# ASSIGNED TASK
Once the line holding "Берем форму для" is found in the entries below, transcribe exactly every line up to and including the one holding "USDCAD, H4: USDCAD", but leave out the pictures.

# GIVEN ENTRIES
········
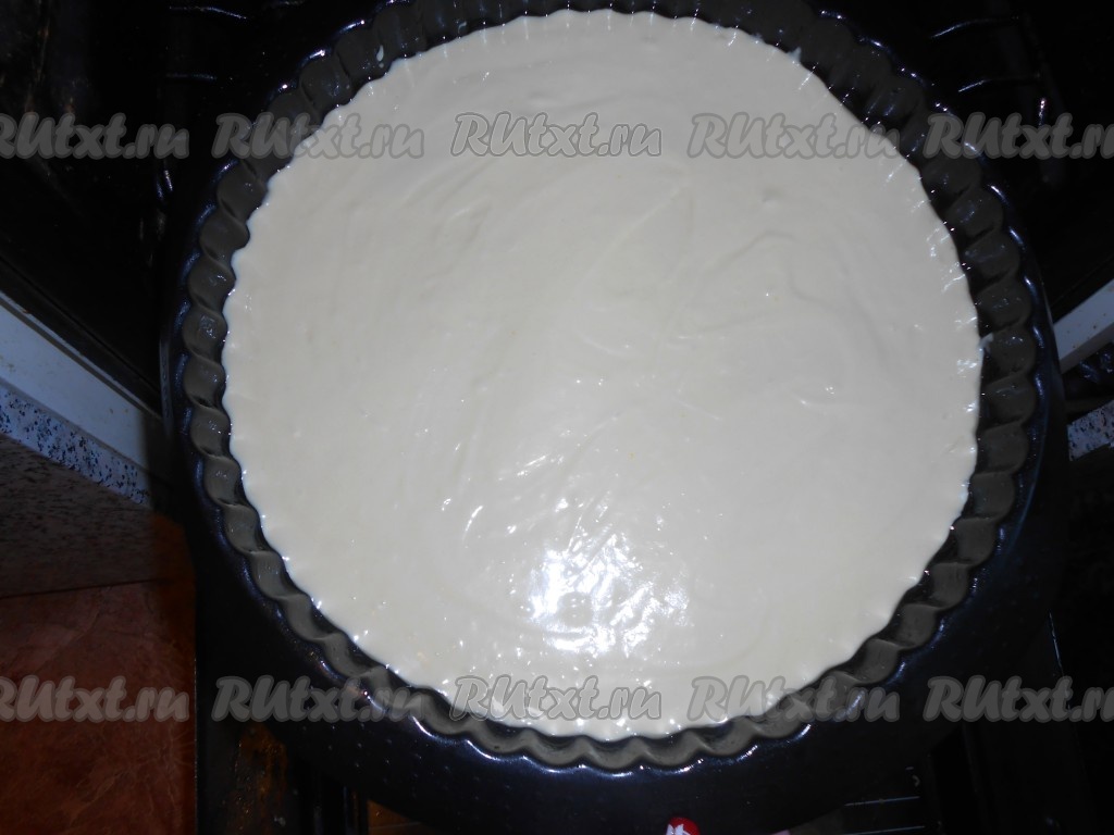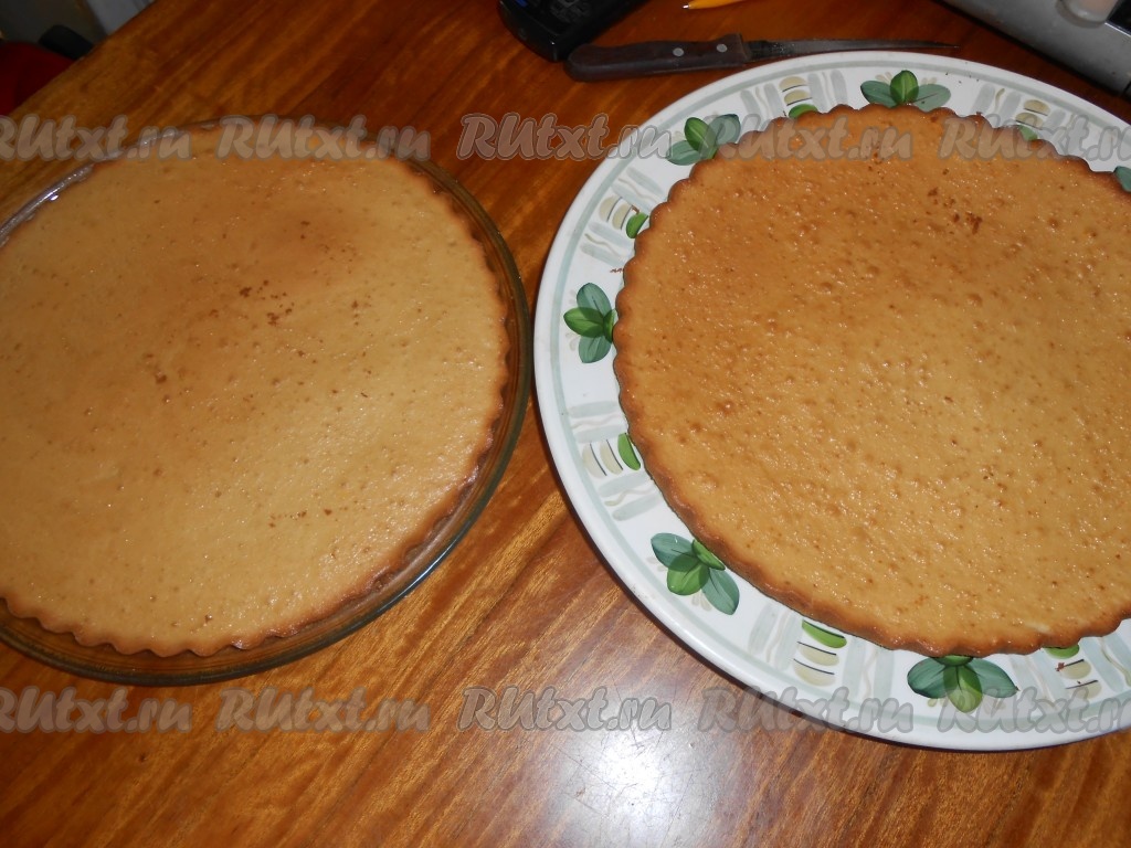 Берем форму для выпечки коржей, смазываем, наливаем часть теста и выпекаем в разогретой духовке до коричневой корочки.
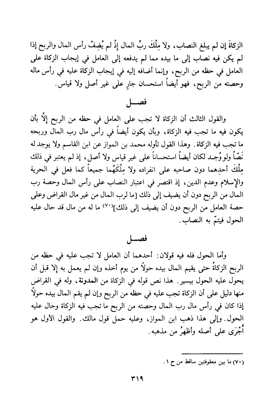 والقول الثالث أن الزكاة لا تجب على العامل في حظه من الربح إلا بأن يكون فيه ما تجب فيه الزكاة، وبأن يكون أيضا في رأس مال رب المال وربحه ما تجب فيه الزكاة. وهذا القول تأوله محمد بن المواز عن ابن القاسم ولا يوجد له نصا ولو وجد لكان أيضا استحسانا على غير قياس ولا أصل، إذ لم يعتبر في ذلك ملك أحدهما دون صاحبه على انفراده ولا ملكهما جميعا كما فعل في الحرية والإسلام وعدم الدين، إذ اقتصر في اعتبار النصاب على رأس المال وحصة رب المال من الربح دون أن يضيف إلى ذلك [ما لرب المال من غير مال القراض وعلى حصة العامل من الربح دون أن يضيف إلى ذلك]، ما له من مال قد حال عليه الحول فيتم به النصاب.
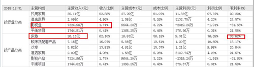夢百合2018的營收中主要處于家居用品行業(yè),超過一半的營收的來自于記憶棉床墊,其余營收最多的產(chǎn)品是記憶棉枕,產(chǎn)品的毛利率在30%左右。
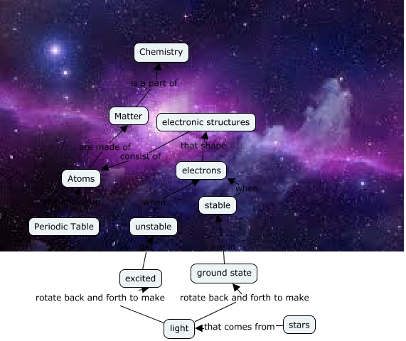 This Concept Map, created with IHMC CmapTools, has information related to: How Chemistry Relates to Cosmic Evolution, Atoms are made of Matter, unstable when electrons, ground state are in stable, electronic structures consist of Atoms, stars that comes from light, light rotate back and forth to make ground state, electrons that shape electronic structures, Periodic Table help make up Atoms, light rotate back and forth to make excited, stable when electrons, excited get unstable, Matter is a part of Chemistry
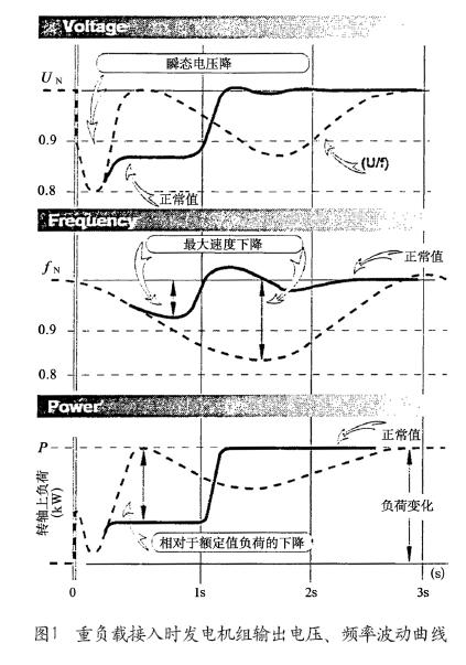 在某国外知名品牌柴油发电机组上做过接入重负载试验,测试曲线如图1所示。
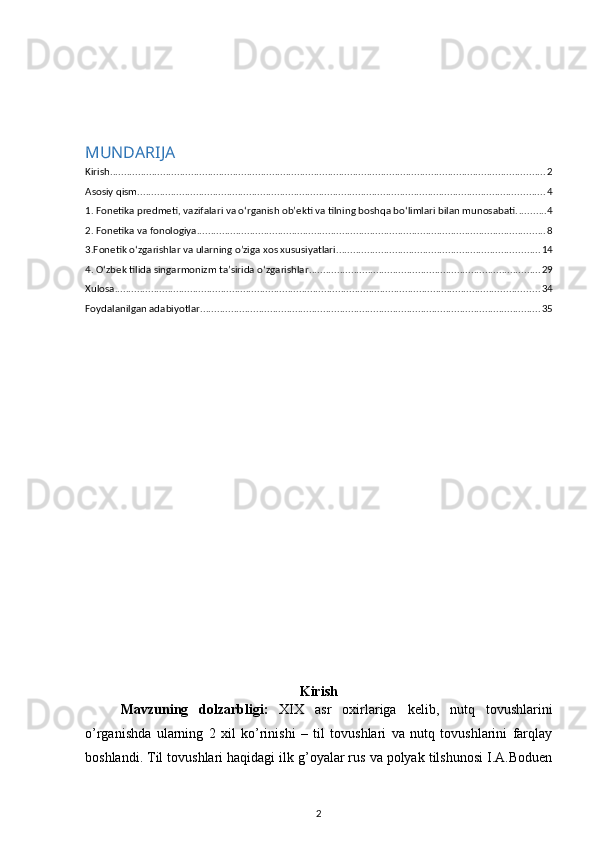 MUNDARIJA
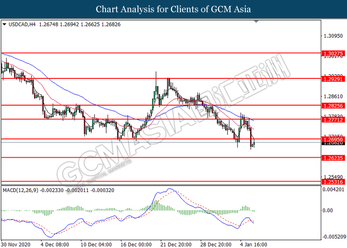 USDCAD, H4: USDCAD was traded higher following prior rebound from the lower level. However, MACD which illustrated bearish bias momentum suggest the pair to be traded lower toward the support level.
········
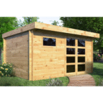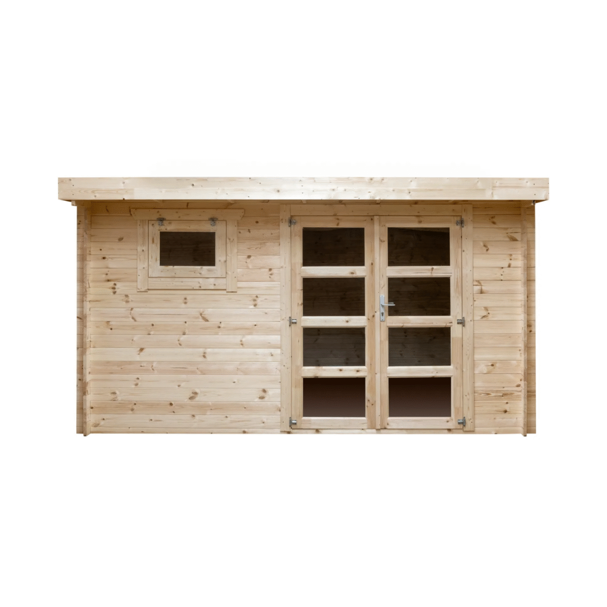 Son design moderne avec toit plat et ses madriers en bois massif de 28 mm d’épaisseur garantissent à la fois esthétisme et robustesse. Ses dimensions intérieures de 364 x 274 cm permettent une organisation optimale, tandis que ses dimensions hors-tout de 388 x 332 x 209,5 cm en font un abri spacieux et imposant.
········
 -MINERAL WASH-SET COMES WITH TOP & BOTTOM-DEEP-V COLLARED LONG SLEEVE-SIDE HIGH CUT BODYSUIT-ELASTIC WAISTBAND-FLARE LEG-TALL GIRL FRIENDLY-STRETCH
········
# RESULT BELOW
 Берем форму для выпечки коржей, смазываем, наливаем часть теста и выпекаем в разогретой духовке до коричневой корочки.
 والقول الثالث أن الزكاة لا تجب على العامل في حظه من الربح إلا بأن يكون فيه ما تجب فيه الزكاة، وبأن يكون أيضا في رأس مال رب المال وربحه ما تجب فيه الزكاة. وهذا القول تأوله محمد بن المواز عن ابن القاسم ولا يوجد له نصا ولو وجد لكان أيضا استحسانا على غير قياس ولا أصل، إذ لم يعتبر في ذلك ملك أحدهما دون صاحبه على انفراده ولا ملكهما جميعا كما فعل في الحرية والإسلام وعدم الدين، إذ اقتصر في اعتبار النصاب على رأس المال وحصة رب المال من الربح دون أن يضيف إلى ذلك [ما لرب المال من غير مال القراض وعلى حصة العامل من الربح دون أن يضيف إلى ذلك]، ما له من مال قد حال عليه الحول فيتم به النصاب.
夢百合2018的營收中主要處于家居用品行業(yè),超過一半的營收的來自于記憶棉床墊,其余營收最多的產(chǎn)品是記憶棉枕,產(chǎn)品的毛利率在30%左右。
 This Concept Map, created with IHMC CmapTools, has information related to: How Chemistry Relates to Cosmic Evolution, Atoms are made of Matter, unstable when electrons, ground state are in stable, electronic structures consist of Atoms, stars that comes from light, light rotate back and forth to make ground state, electrons that shape electronic structures, Periodic Table help make up Atoms, light rotate back and forth to make excited, stable when electrons, excited get unstable, Matter is a part of Chemistry
 在某国外知名品牌柴油发电机组上做过接入重负载试验,测试曲线如图1所示。
 MUNDARIJA
 USDCAD, H4: USDCAD was traded higher following prior rebound from the lower level. However, MACD which illustrated bearish bias momentum suggest the pair to be traded lower toward the support level.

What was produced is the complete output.